The Campine (/fr/) is a breed of domestic chicken originating in the northern part of Belgium. It is named for the Campine region of north-eastern Belgium and south-eastern Netherlands. It was known there as the Kempisch Hoen (/nl/).

==History==

The Campine was originally a smaller type of the Braekel, weighing up to 1.2 kg less. It was distributed throughout the province of Antwerp and in the northern and central part of the province of Limburg. It was decided in 1884 that the two types should be separated. After a long controversy, the Campine became a separate breed with its own breed standard on 28 August 1904. After further controversy, the two breeds were reunited under a single standard in 1925 or 1926, with the name Kempisch-Braekel. In 1962 it was decided that the Campine type had entirely disappeared, and the name of the Belgian breed was changed to Brakelhoen.

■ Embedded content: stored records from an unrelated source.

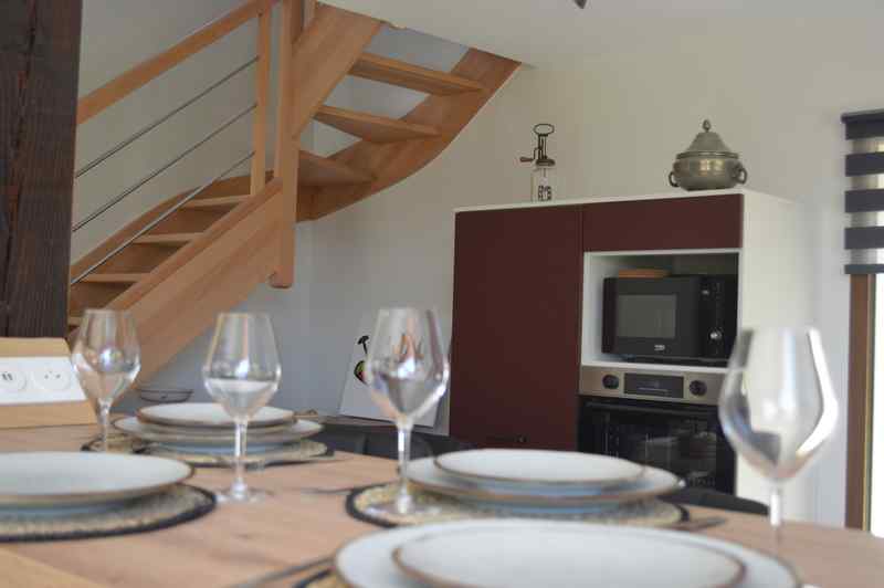L’hébergement, totalement indépendant, comprend une grande pièce à vivre de 45 m² composée d’une cuisine contemporaine équipée, d’un salon avec cheminée traditionnelle et TV, donnant sur une terrasse de 40 m² (avec patio couvert, salon de jardin et barbecue) et vue sur les bois et les étangs.
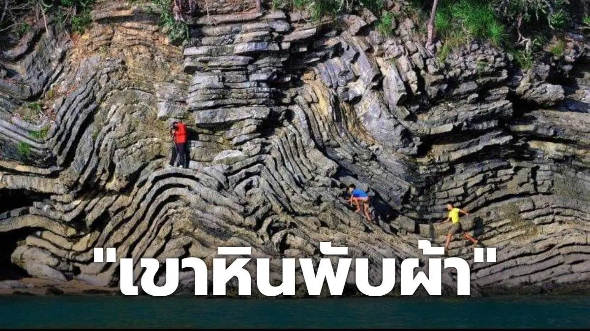 ซึ่งปรากฏการณ์ทางธรณีวิทยานี้ เกิดจากการตกตะกอนในท้องทะเล กลายเป็นชั้นหิน ต่อมาก็เกิดการเอียงและยกตัวของเปลือกโลก ทำให้ชั้นหินเกิดเป็นหน้าผาขึ้นมา จนได้กลายมาเป็น “เขาหินพับผ้า” ศิลปะกลางทะเลนั่นเอง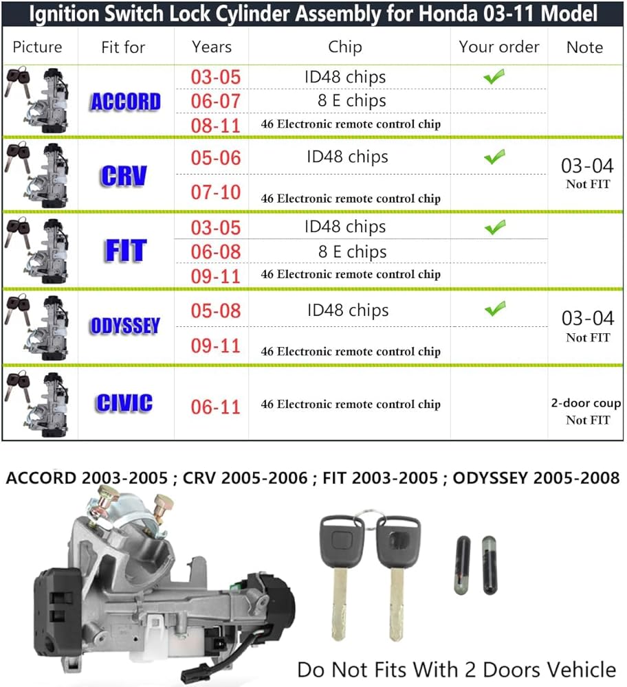 This Ignition Lock Cylinder kit is a replacement part for Honda 2003-2005 Civic; Honda 04-05 S2000; Honda 02-06 CR-V; Honda 03-11 Element. **But Do Not Fit 2 Doors Vehicle!!!
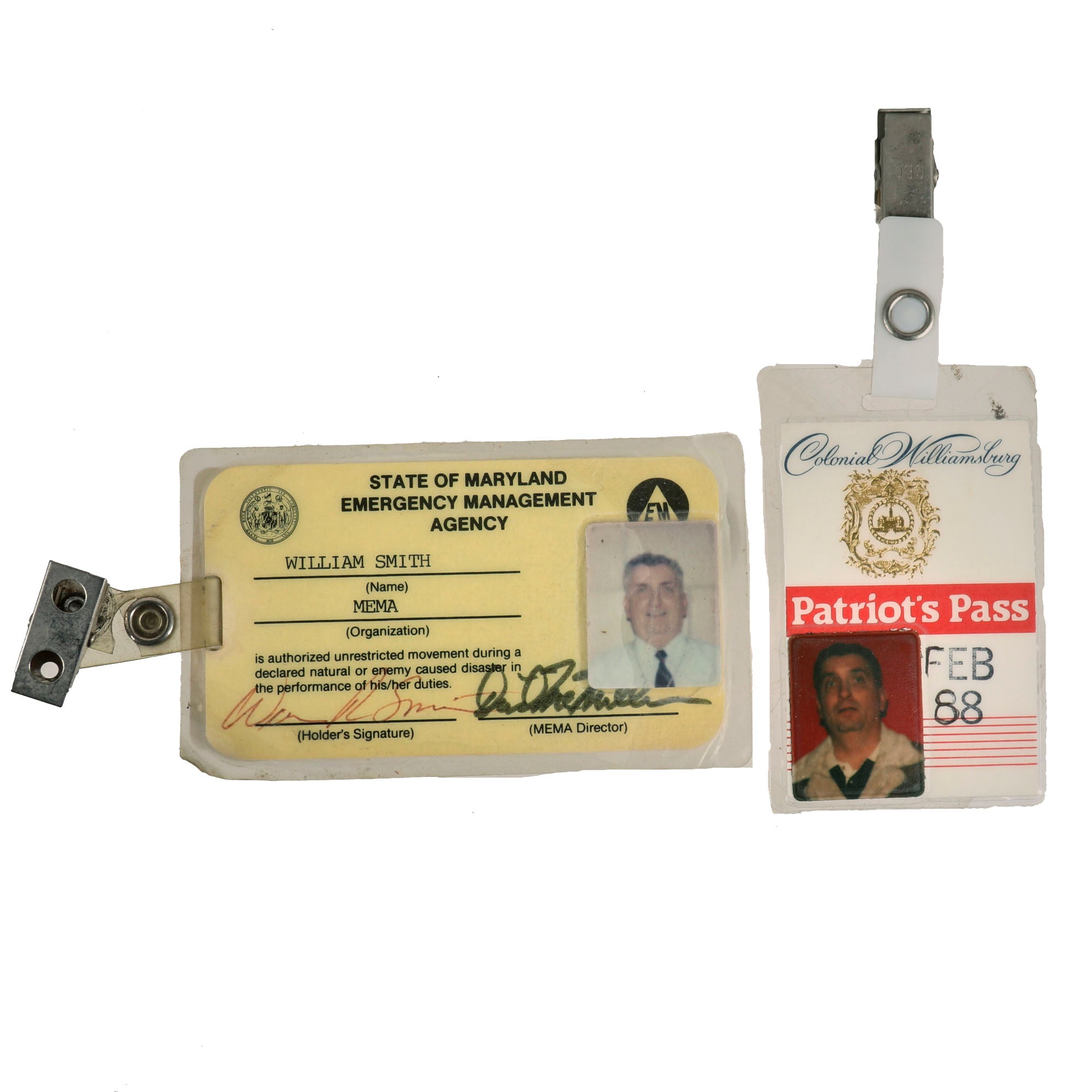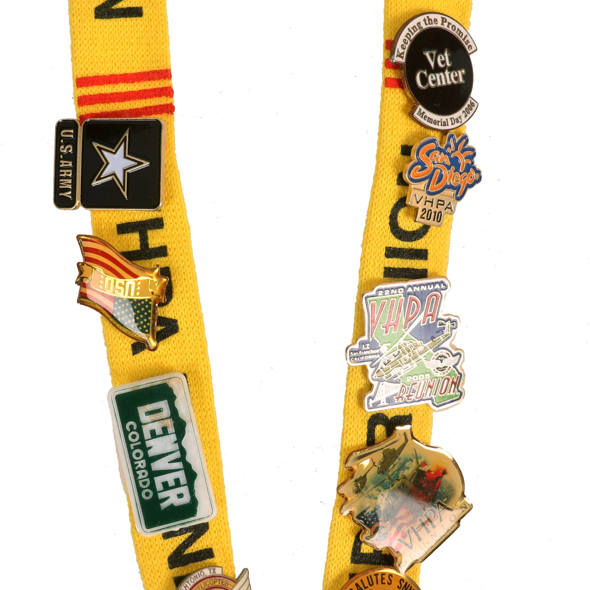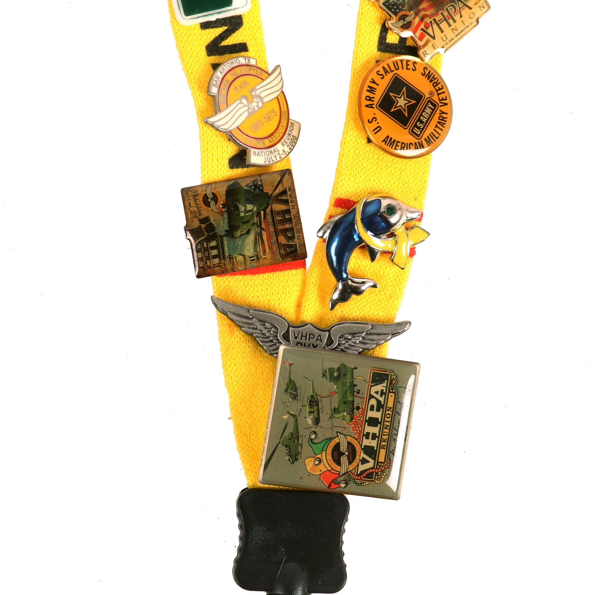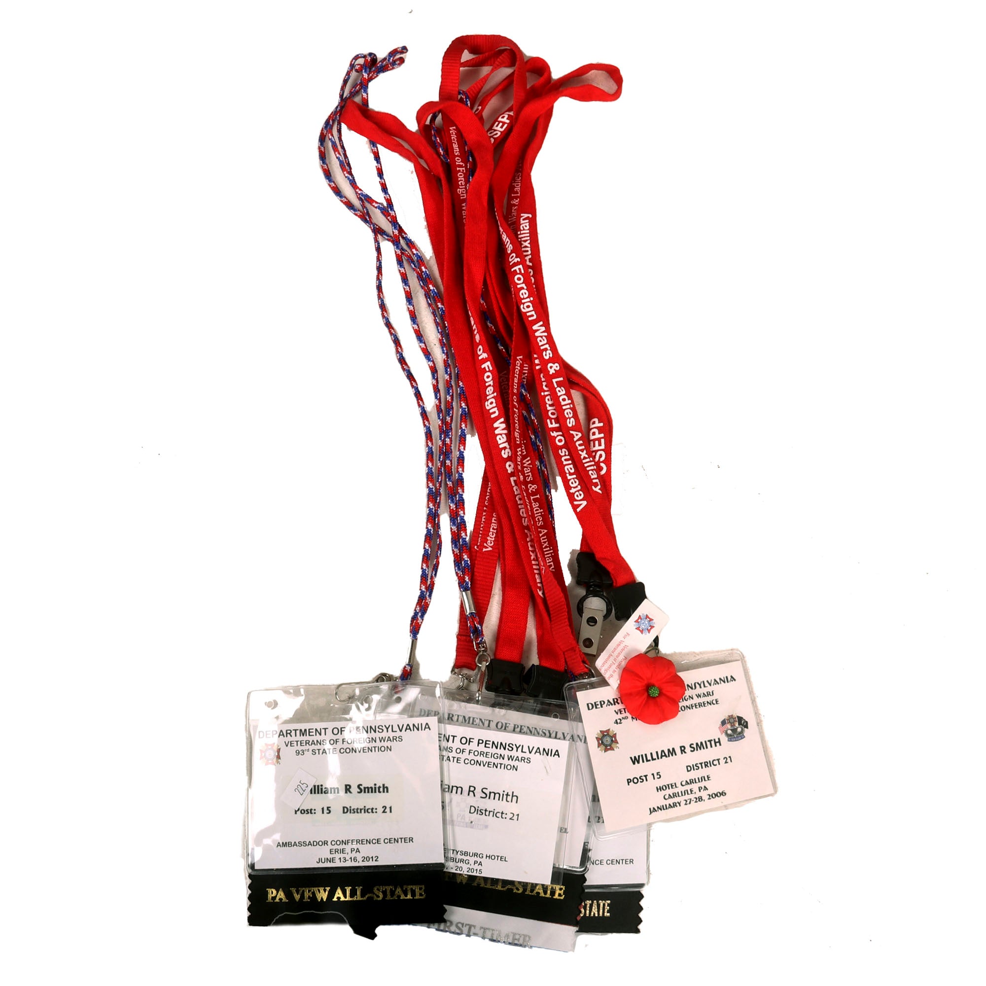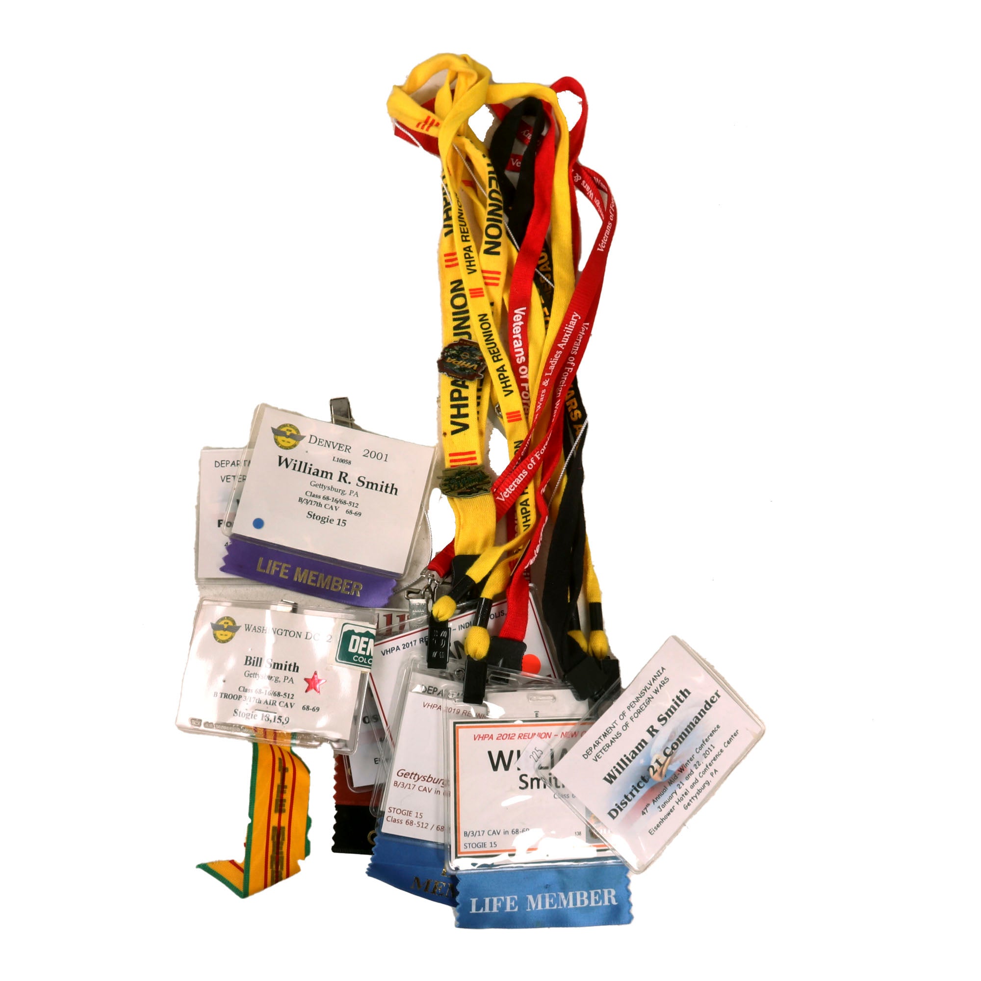 -Identity Tags and Lanyards from Veteran’s Reunions. Approximately 18 Tags on Neck Lanyards (some decorated with pins). In addition, there are also a number of tags from work-related functions, ID badges, etc.

The Campine was imported to England in about 1899, and was bred there to become a very different bird. In particular, hen feathering in cocks became standard. Hen-feathered Braekel cocks had been bred by Oscar Thomaes of Ronse, Belgium, in 1904, and a cock hatched from one of his eggs took first place at a show at the Alexandra Palace in London in that year.

Birds were exported from Britain to the United States. A Campines cock took first prizes at Madison Square Garden, New York City, and in Boston in January 1913. The Campines was added to the Standard of Perfection of the American Poultry Association in 1914.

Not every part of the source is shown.